[Data records]

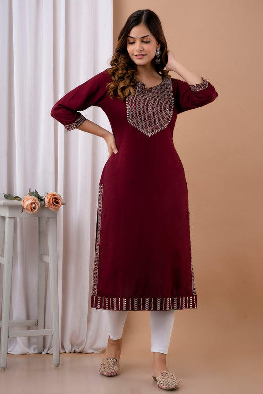 Rayon Maroon sequence kurta
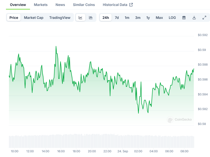 This forecast suggests moderate growth from current levels, which see XRP trading around $0.57 as of September 2024.
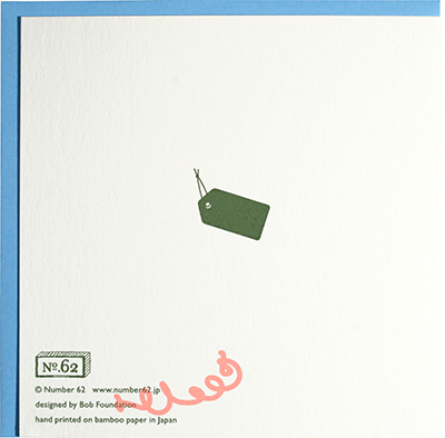 size: 140 x 140 mm (hold) card: bamboo paper envelope: kraft paper (brown) print colour: pink&green silk-screen printed by hand in japan price: 550yen (tax included)
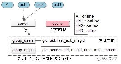 这个流程里,只要第二步消息落地完成,就能保证群消息不会丢失。
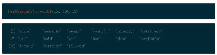 使用 sample() 展示一个这些停止单词的随机列表,使用 head() 限制在 15 个单词。
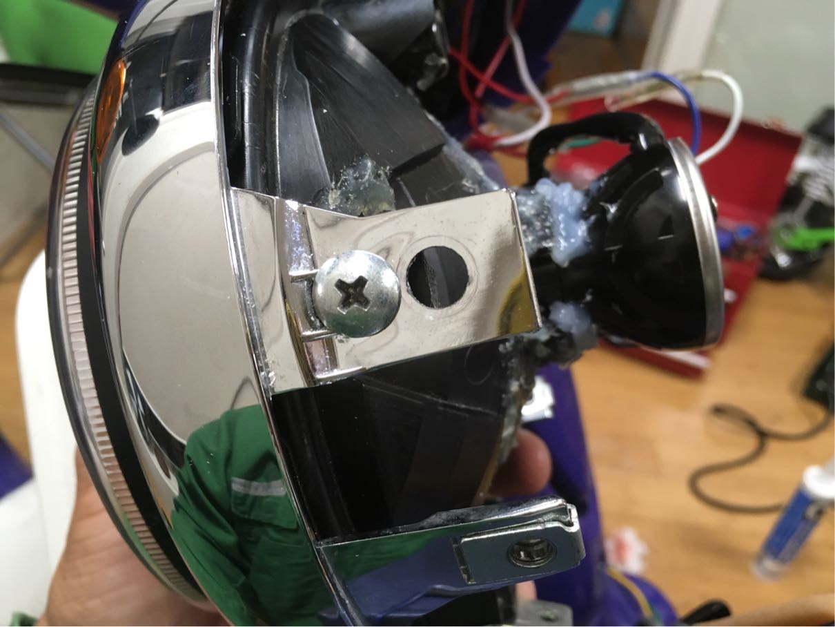 今回ハイビームを以前より下向きにしたのでハロゲン球で上方を照らします。
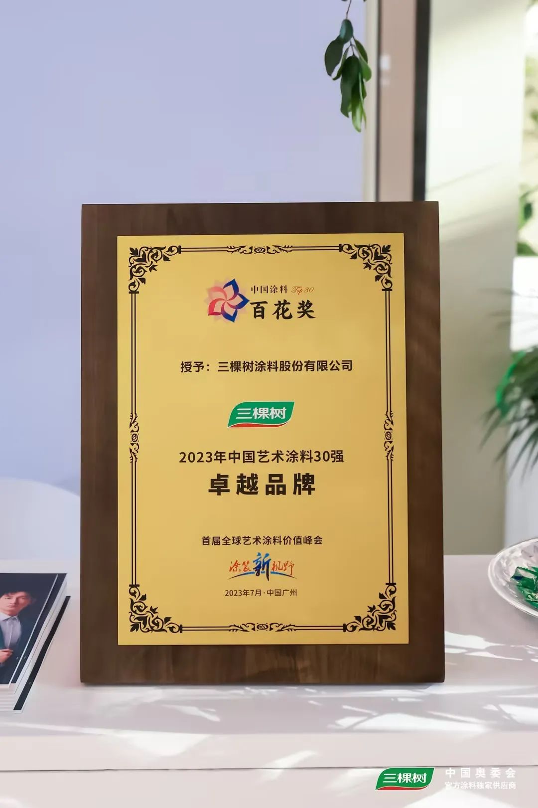 近日,涂料权威媒体《涂装新视野》发布了百花奖“2023年中国艺术涂料30强”榜单,三棵树凭借2022年的优异成绩以及良好的市场口碑与服务能力,从众多参评企业中脱颖而出荣获年度“卓越品牌”,用实力诠释品质与发展。

> [Required action] Wherever a picture appears, omit it; copy the rest of the data exactly.

> [Exercise answer]
 Rayon Maroon sequence kurta
 This forecast suggests moderate growth from current levels, which see XRP trading around $0.57 as of September 2024.
 size: 140 x 140 mm (hold) card: bamboo paper envelope: kraft paper (brown) print colour: pink&green silk-screen printed by hand in japan price: 550yen (tax included)
 这个流程里,只要第二步消息落地完成,就能保证群消息不会丢失。
 使用 sample() 展示一个这些停止单词的随机列表,使用 head() 限制在 15 个单词。
 今回ハイビームを以前より下向きにしたのでハロゲン球で上方を照らします。
 近日,涂料权威媒体《涂装新视野》发布了百花奖“2023年中国艺术涂料30强”榜单,三棵树凭借2022年的优异成绩以及良好的市场口碑与服务能力,从众多参评企业中脱颖而出荣获年度“卓越品牌”,用实力诠释品质与发展。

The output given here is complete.